Parmi les faits qui ont évolué entre avril 2016 et aujourd’hui, l’OMC note en particulier «une période d’instabilité financière qui a touché la Chine et d’autres économies de marché en développement au début de l’année», mais qui s’est apaisée depuis. La demande des économies en développement s’est également ralentie au premier trimestre alors que les économies développées connaissaient des évolutions contrastées entre le premier et le deuxième trimestre.
Commerce et croissance économique
Chose rare, les autorités mondiales s’inquiètent elles-mêmes de ce gros trou d’air. «Le ralentissement impressionnant de la croissance du commerce est grave et devrait servir de sonnette d’alarme. Il est particulièrement inquiétant vu l’hostilité croissante à l’égard de la mondialisation. Nous devons faire en sorte que cela ne se traduise pas par des politiques inconsidérées qui risqueraient d’aggraver encore plus la situation, non seulement sous l’angle du commerce, mais aussi dans la perspective de la création d’emplois et de la croissance économique et du développement lesquels sont si étroitement liés à un système d’échanges ouvert», a commenté le directeur général de l’OMC, Roberto Azevêdo, au moment de la publication de ces chiffres. Ce qui est craint par-dessus tout est un réflexe de repli des économies régionales, nationales ou locales sur elles-mêmes.
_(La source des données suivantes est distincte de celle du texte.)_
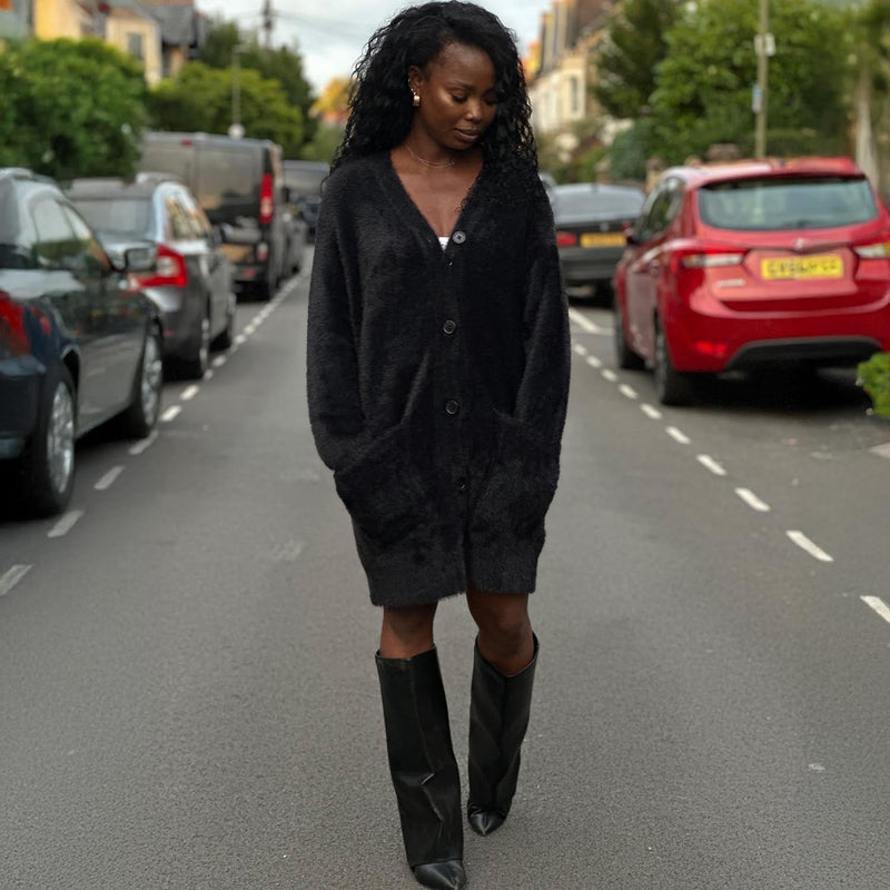 Meet your hero winter layer. The Fluffy Cardigan in Black is the ultimate mix of cosy and chic, ready to smarten up any outfit while keeping you snug. Timeless, versatile and ridiculously comfy, it’s the piece you’ll throw on for school runs, sofa days, nights out and everything in between.

Ces derniers chiffres décevants font également ressortir un récent affaiblissement du rapport entre le commerce et la croissance du PIB. Explications : de façon historique, «le commerce a toujours augmenté 1,5 fois plus vite que le PIB, même si, durant les années 1990, le volume mondial du commerce des marchandises a augmenté deux fois plus vite que le PIB réel mondial aux taux de change du marché. Ces dernières années, cependant, le rapport s’est rapproché de 1/1, soit un niveau inférieur aussi bien au record des années 1990 qu’à la moyenne historique», expliquent les experts de l’OMC. Si les estimations actuelles se confirment, il se pourrait même, grande première, que le rapport passe en dessous de 1. Dit autrement, plus la croissance du commerce est forte, plus, généralement, ceci signifie que la croissance économique est forte. Or, cette année, la logique serait inversée.
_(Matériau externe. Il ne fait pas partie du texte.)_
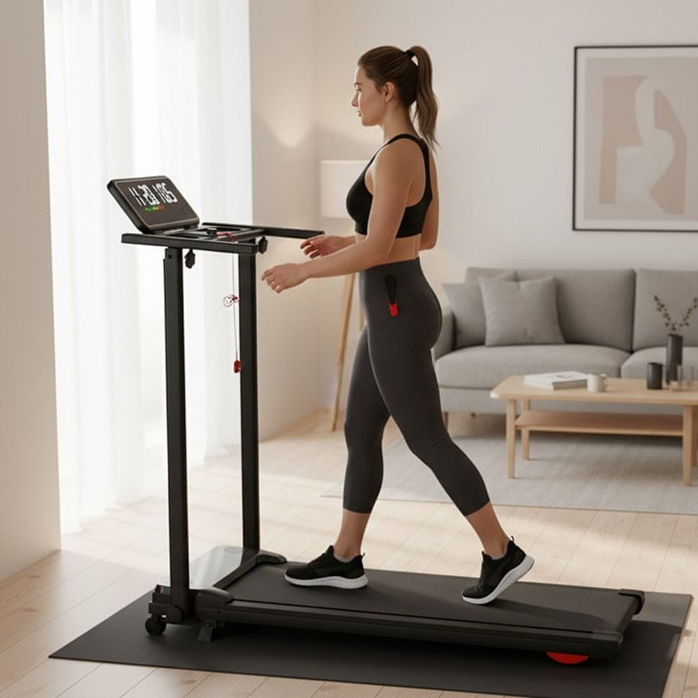 Sklopiva električna traka za trčanje nudi praktično rješenje za održavanje forme bez napuštanja doma. Zahvaljujući kompaktnom dizajnu, s visinom od samo 12 cm kada je sklopljena, uređaj se lako uklapa čak i u manje stanove, omogućujući pohranu ispod kreveta ili uz zid. Dva načina rada – hodanje sa sklopljenom ručkom (upravljanje daljinskim upravljačem) i trčanje s rasklopljenom šipkom – pružaju fleksibilnost i prilagodbu individualnim potrebama korisnika. Velika površina trake za trčanje (100 × 38,5 cm) osigurava udobnost i sigurnost tijekom vježbanja. Raspon brzine od 1 do 12 km/h omogućuje lagane šetnje i intenzivno trčanje. Tihi motor snage 1 KS omogućuje korištenje trake u bilo koje doba dana, bez narušavanja mira ukućana. Zaslon prikazuje vrijeme, udaljenost, brzinu, potrošene kalorije i puls, a senzori u ručkama omogućuju stalno praćenje otkucaja srca. Putem aplikacije FitShow, dostupne za Android i iOS, možete upravljati treningom izravno s telefona. Bluetooth povezivost omogućuje spajanje na zvučnike i aplikacije za vježbanje koje pružaju dodatnu motivaciju. Ovaj sveobuhvatni uređaj idealan je za sve koji cijene udobnost, funkcionalnost i učinkovitost.

Autre signe de doute de la part de l’OMC : pour la première fois, l’organisme fournit divers scénarios pour ses prévisions du commerce pour 2017 plutôt que de donner des chiffres précis. Enfin, certains points particuliers méritent d’être notés à propos de ce commerce mondial. D’abord, la stagnation du commerce mondial des marchandises masque de fortes variations selon les régions. Ensuite, l’aspect le plus frappant est la baisse brutale des importations des régions exportatrices de ressources au cours des deux dernières années.
Au final, «le commerce pourrait se redresser au second semestre de 2016, même s’il est probable que le rythme d’expansion restera hésitant, mais les risques restent nombreux. Plusieurs incertitudes pèsent sur les perspectives concernant le reste de l’année et l’année prochaine, dont la volatilité financière due aux changements touchant la politique monétaire des pays développés, la possibilité que le discours grandissant à l’encontre du commerce se reflète de plus en plus dans la politique commerciale et les effets potentiels du vote sur le Brexit au Royaume-Uni (déclenchement en mars 2017 avec une sortie effective donc en 2019, ndlr) qui a accru l’incertitude quant aux futurs arrangements commerciaux en Europe, région où la croissance du commerce a été relativement forte».